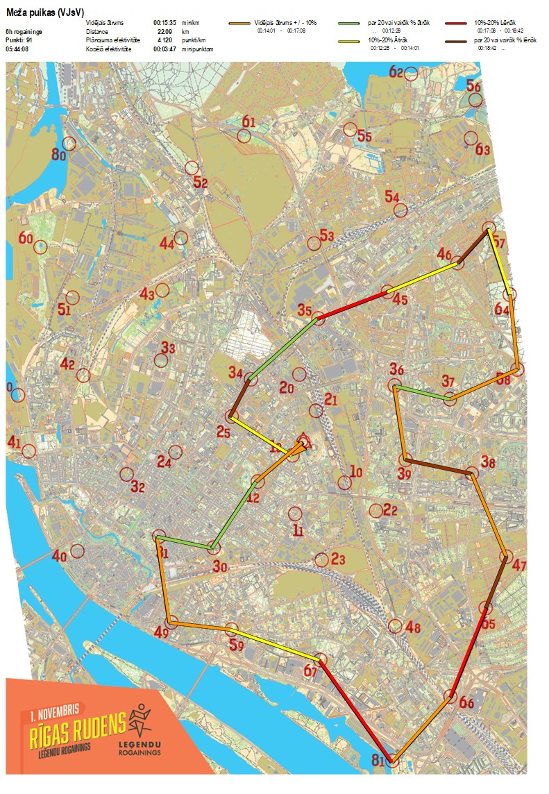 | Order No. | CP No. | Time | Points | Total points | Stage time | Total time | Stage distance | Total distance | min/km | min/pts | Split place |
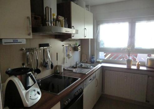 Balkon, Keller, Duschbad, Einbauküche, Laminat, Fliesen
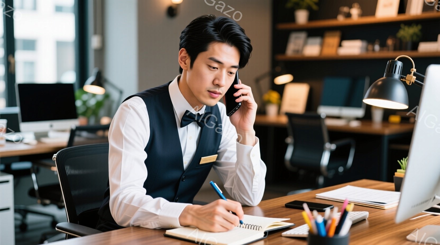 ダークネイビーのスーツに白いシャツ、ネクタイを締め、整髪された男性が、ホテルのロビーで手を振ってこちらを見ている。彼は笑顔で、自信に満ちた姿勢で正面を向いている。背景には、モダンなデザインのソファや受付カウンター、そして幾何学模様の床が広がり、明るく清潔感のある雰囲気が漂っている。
---
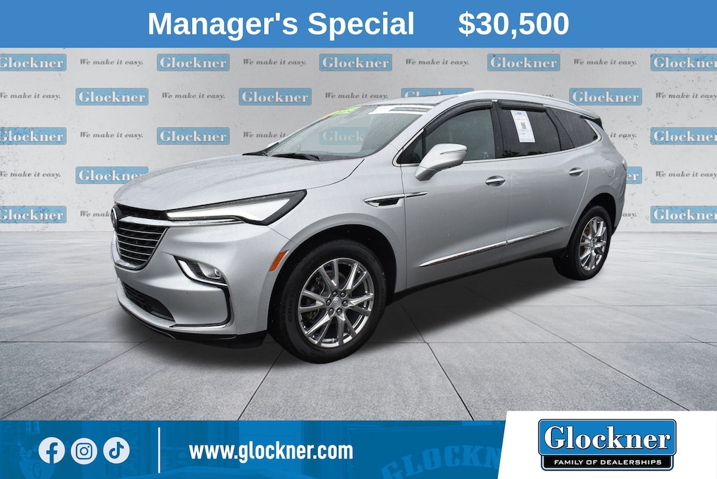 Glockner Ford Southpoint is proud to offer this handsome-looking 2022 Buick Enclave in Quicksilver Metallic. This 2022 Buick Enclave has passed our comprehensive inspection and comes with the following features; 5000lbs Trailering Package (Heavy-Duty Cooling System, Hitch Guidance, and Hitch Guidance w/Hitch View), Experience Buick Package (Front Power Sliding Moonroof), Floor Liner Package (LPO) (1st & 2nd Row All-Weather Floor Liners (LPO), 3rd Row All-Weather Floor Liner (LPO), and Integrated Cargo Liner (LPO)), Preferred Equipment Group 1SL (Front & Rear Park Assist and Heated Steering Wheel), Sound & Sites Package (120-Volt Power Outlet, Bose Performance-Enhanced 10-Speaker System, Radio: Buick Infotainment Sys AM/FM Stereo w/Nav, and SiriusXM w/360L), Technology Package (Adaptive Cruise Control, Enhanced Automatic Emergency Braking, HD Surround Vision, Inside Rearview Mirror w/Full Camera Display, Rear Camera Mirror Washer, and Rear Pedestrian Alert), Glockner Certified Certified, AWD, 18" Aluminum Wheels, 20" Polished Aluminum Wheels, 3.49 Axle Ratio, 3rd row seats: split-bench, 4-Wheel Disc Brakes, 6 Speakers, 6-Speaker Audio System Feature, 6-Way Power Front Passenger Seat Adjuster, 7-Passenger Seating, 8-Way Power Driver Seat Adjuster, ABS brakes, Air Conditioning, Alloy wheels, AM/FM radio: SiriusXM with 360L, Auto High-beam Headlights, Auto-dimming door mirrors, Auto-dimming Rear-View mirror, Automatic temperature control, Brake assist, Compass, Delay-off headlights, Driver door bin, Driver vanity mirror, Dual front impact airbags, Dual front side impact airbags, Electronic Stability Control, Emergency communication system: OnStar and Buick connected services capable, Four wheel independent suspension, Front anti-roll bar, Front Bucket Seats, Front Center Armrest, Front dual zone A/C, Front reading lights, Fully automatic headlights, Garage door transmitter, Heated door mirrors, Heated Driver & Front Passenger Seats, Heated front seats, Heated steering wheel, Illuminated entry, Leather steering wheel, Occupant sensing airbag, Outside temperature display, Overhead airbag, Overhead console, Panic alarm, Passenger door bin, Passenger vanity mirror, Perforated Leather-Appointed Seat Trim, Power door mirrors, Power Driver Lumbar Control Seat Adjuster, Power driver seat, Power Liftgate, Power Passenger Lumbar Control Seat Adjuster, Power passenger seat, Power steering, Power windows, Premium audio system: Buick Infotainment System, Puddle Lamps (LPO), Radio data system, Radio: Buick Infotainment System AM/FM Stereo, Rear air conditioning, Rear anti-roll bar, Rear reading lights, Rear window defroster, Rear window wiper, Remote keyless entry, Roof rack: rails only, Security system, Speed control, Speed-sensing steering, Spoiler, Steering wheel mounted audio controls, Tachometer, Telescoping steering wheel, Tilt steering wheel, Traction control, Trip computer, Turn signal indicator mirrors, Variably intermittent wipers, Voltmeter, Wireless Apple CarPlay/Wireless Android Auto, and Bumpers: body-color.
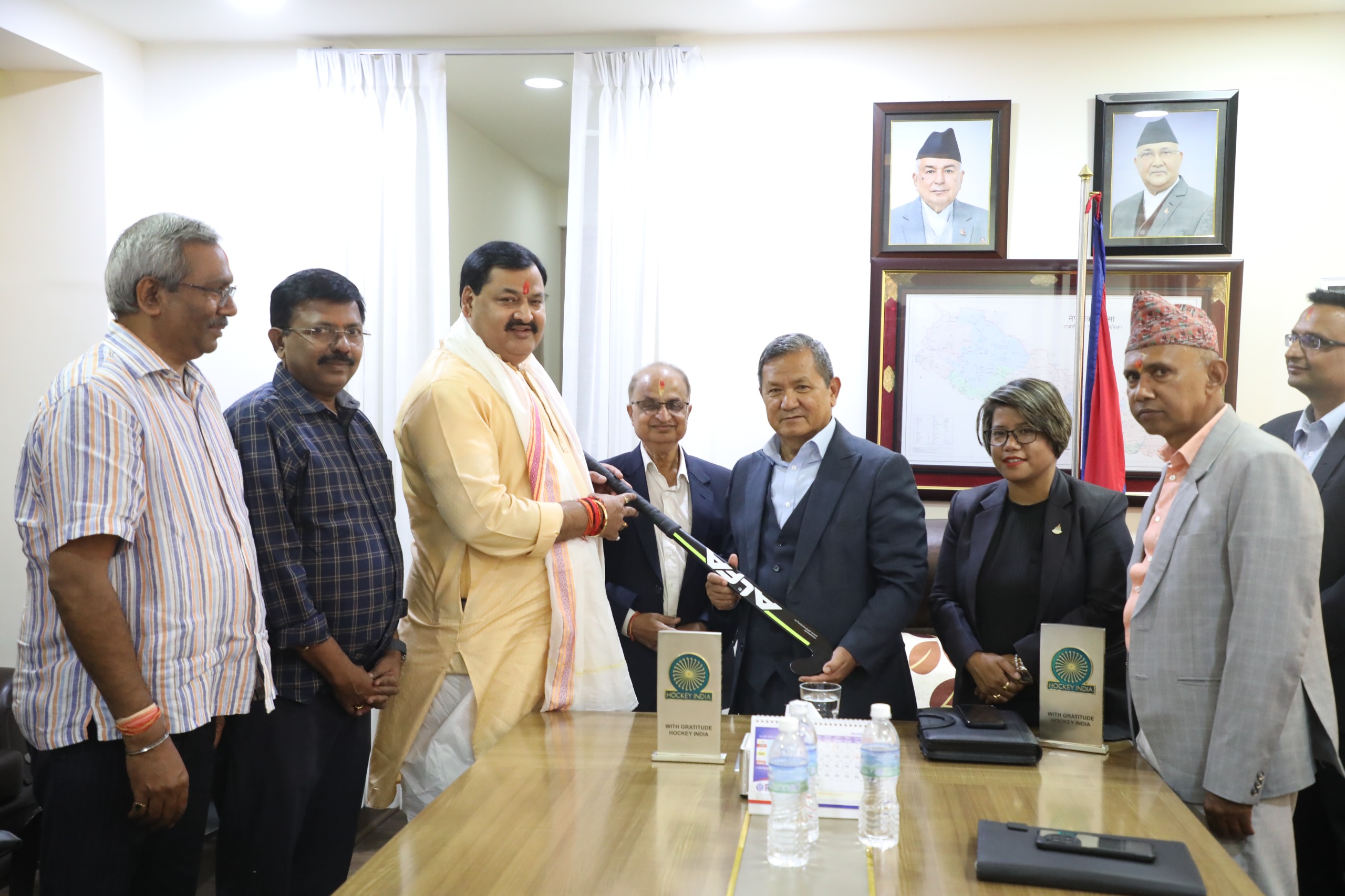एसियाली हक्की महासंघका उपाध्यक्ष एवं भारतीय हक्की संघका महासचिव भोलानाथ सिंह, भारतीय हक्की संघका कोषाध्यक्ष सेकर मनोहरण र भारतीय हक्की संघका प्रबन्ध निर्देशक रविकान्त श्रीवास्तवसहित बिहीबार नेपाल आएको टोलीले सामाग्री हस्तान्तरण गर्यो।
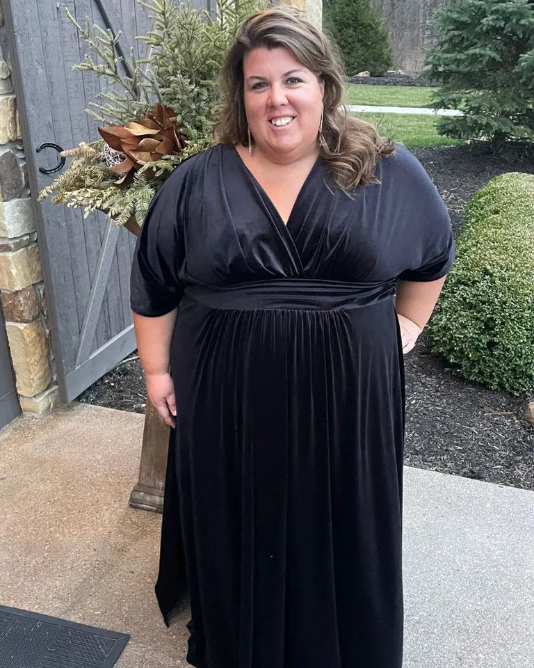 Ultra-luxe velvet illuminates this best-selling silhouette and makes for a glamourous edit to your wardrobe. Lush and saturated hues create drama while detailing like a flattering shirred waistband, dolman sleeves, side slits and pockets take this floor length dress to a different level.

WORK TO BE COMPLETED ▸ In the data above, start at the line holding "Split place |" and stop after the line holding "ダークネイビーのスーツに白い"; write out those lines exactly, without pictures.

EXERCISE SOLUTION ▸
 | Order No. | CP No. | Time | Points | Total points | Stage time | Total time | Stage distance | Total distance | min/km | min/pts | Split place |
 Balkon, Keller, Duschbad, Einbauküche, Laminat, Fliesen
 ダークネイビーのスーツに白いシャツ、ネクタイを締め、整髪された男性が、ホテルのロビーで手を振ってこちらを見ている。彼は笑顔で、自信に満ちた姿勢で正面を向いている。背景には、モダンなデザインのソファや受付カウンター、そして幾何学模様の床が広がり、明るく清潔感のある雰囲気が漂っている。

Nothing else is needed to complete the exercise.